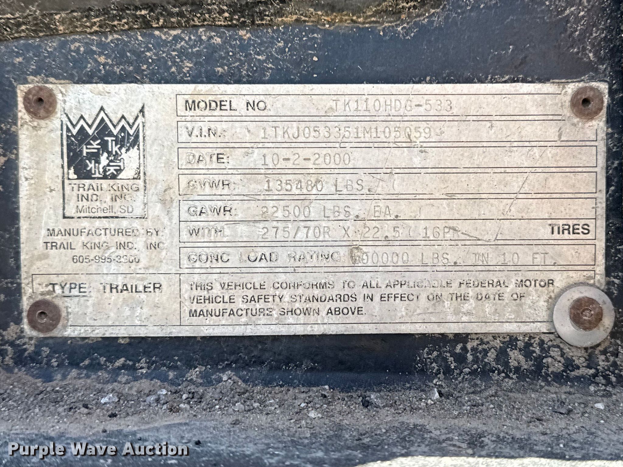 Purple Wave is selling a used Equip. Trailer in Oklahoma. This item is a 2001 Trail King TK110HDG-533 lowboy equipment trailer with the following: VIN: 1TKJ053551M105059, Unit #: 04-026
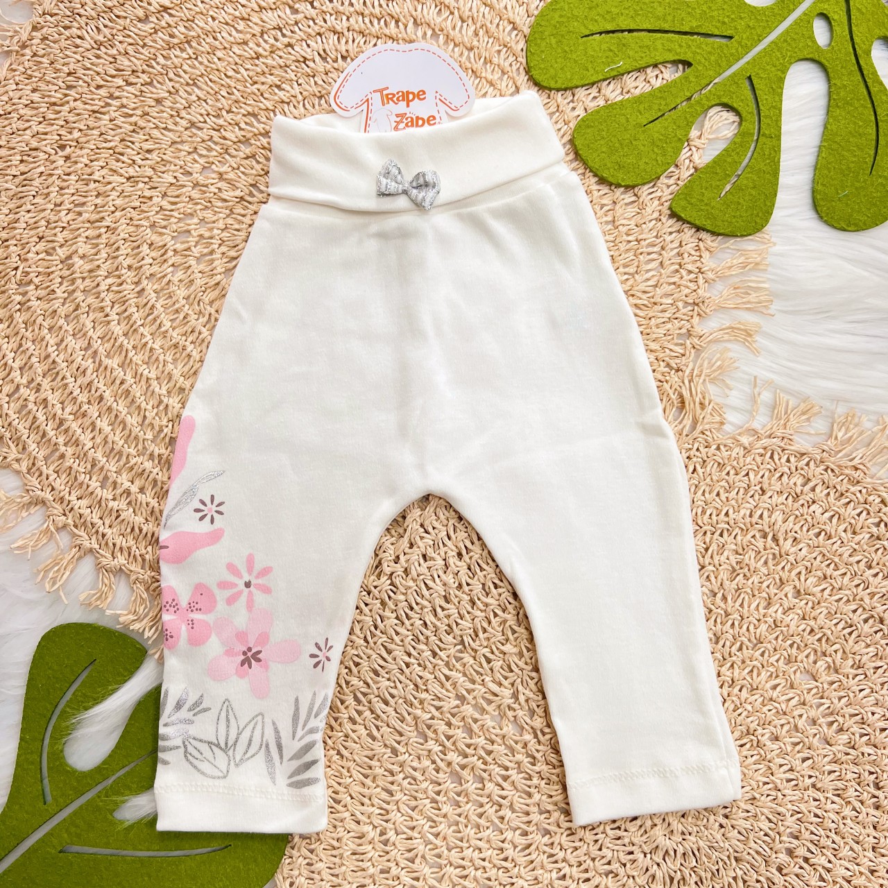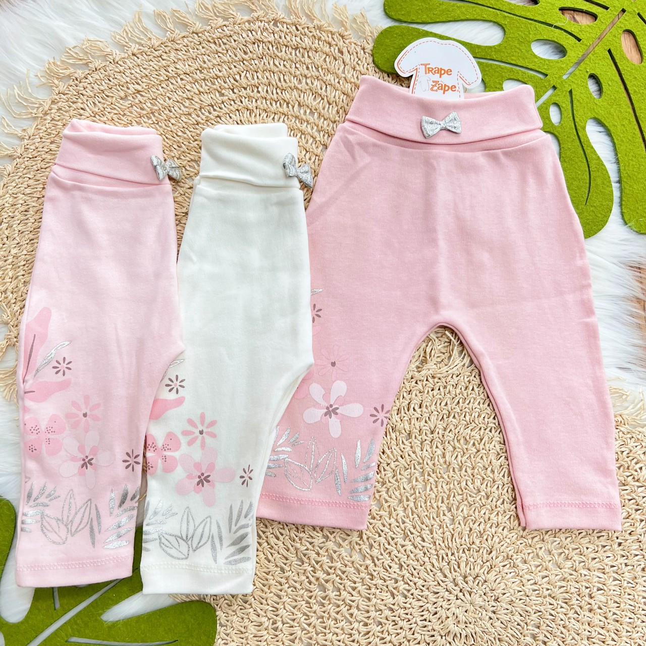 - Modelo: Kit 3 Calças - Flores e Plantas Prateadas - Rosa, Off e Rose
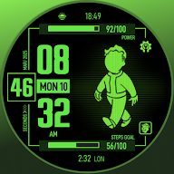 Immerse yourself in a unique and captivating post-apocalyptic world filled with retro-futuristic technology through this watchface. Inspired by the iconic interface of a versatile handheld device commonly used by inhabitants of underground shelters, this watchface features a cheerful and optimistic character, who embodies preparedness and resilience in the face of any challenge.
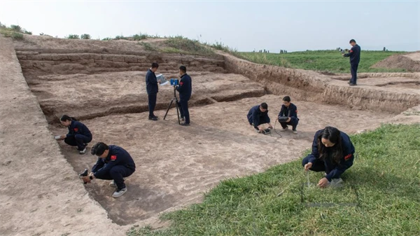 2025年4月30日,敦煌研究院文物工作者在吉尔吉斯斯坦阿克·贝希姆(碎叶城)遗址开展现场保护勘查。金良 摄
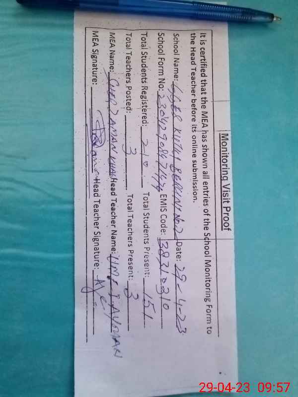 | Attendance Register | Head Teacher | MEA with School | Visit Proof |
================================
EXERCISE | Starting with the line that contains "2025年4月30日,敦煌研", give the lines again exactly as they appear through the last line of the data, pictures excluded.

REPLY TO THE TASK |
 2025年4月30日,敦煌研究院文物工作者在吉尔吉斯斯坦阿克·贝希姆(碎叶城)遗址开展现场保护勘查。金良 摄
 | Attendance Register | Head Teacher | MEA with School | Visit Proof |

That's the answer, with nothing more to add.